Wanna bet? You won't be able to explore Buddhism and yet avoid this issue, It is the key to everything. Buddhism is sometimes called the 'Middle Way' view. The reason for this cannot be understood without an understanding of duality and nonduality.

For example, to understand Buddhist docrine it is necessary to understand the nonduality of Samsara and Nirvana, the unity of appearances and reality. And only by understanding nonduality is it possible to see how metaphysical questions like "Did the universe have a beginning or not?" can be resolved. Crucially, the central mystical experience is one of nonduality, and it is the principle or fact of nonduality that lies at the heart of the mystical doctrine.

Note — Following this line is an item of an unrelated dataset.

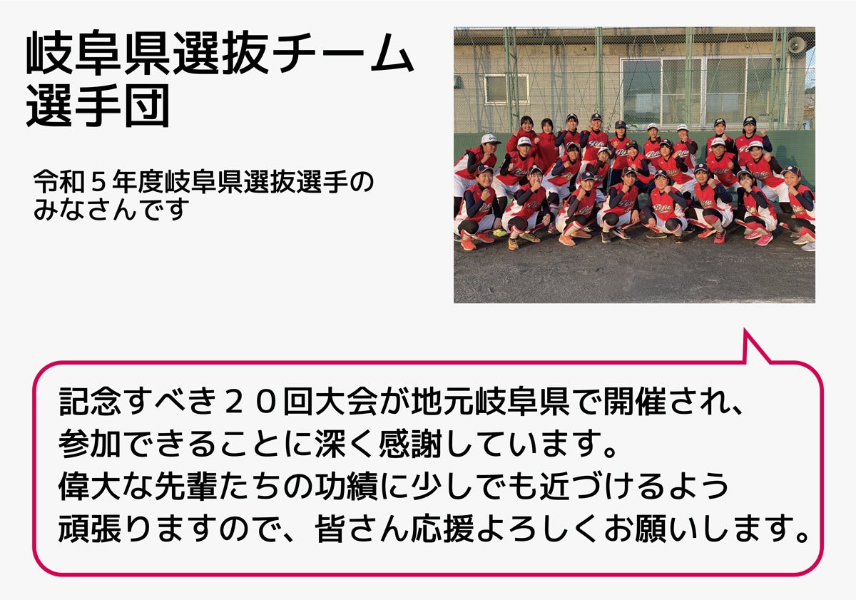 当協会の目標は、岐阜県のチームが国体に出場することで、ソフトボールの競技人口を少しでも増やし、全国大会への支援をより強化することです。
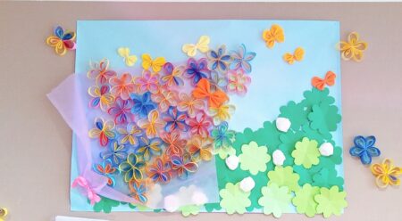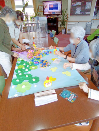 本日は、壁面画の「春の花束と四葉のクローバー」を作りました。

"If we ask definitely ‘What is Brahman?’ the answer in modern terms would be: ‘Brahman cannot be defined because it is Infinite. It is beyond thought and beyond imagination. It is nothing in the mind and nothing outside the mind, nothing past, present or future. These are only conceptions in time and space. But the nearest conception of Brahman we can have is to say that it is a state of consciousness beyond time when SAT, CIT and, ANANDA, Being and Consciousness and Joy are ONE.’ We thus have the Mandukya Upanishad that explains the paradox that Brahman is all, and Brahman is nothing, or no-thing."

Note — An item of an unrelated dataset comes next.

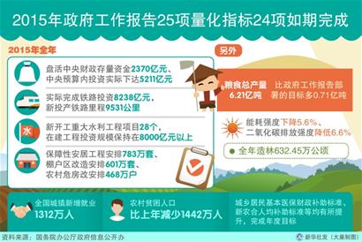 記者29日從國務(wù)院辦公廳政府信息公開辦了解到,圍繞2015年政府工作報告確定的經(jīng)濟社會發(fā)展主要目標(biāo)任務(wù),中央政府各部門強化責(zé)任、狠抓落實,25項量化指標(biāo)任務(wù)中24項如期完成,僅進(jìn)出口增長未能達(dá)到全年預(yù)期目標(biāo)。

Translators Introduction (xl)
The Bhagavad Gita
(Trans. Juan Macaró, Penguin, 2003 (xviii))

"When we encounter the Void, we feel that it is primordial emptiness of cosmic proportions and relevance. We become pure consciousness aware of this absolute nothingness; however, at the same time, we have a strange paradoxical sense of its essential fullness. This cosmic vacuum is also a plenum, since nothing seems to be missing in it. While it does not contain in a concrete manifest form, it seems to comprise all of existence in a potential form. In this paradoxical way, we can transcend the usual dichotomy between emptiness and form, or existence and non-existence. However, the possibility of such a resolution cannot be adequately conveyed in words; it has to be experienced to be understood."

Stanislav Grof
The Cosmic Game

I'd just add that it is my understanding that although this resolution, the nonduality of existence and non-existence, something and nothing and so forth, cannot be adequately conveyed in words it can nevertheless be discussed in terms of the principles involved. But only by getting to grips with dualism and the extent to which it infects our thinking. It seems correct to say that in GSB's mathematical model of the universe it is specifically dualism, the making of false distinctions or 'indications', that is responsible for our existence as human beings.

Thank you for the enjoyable discussion.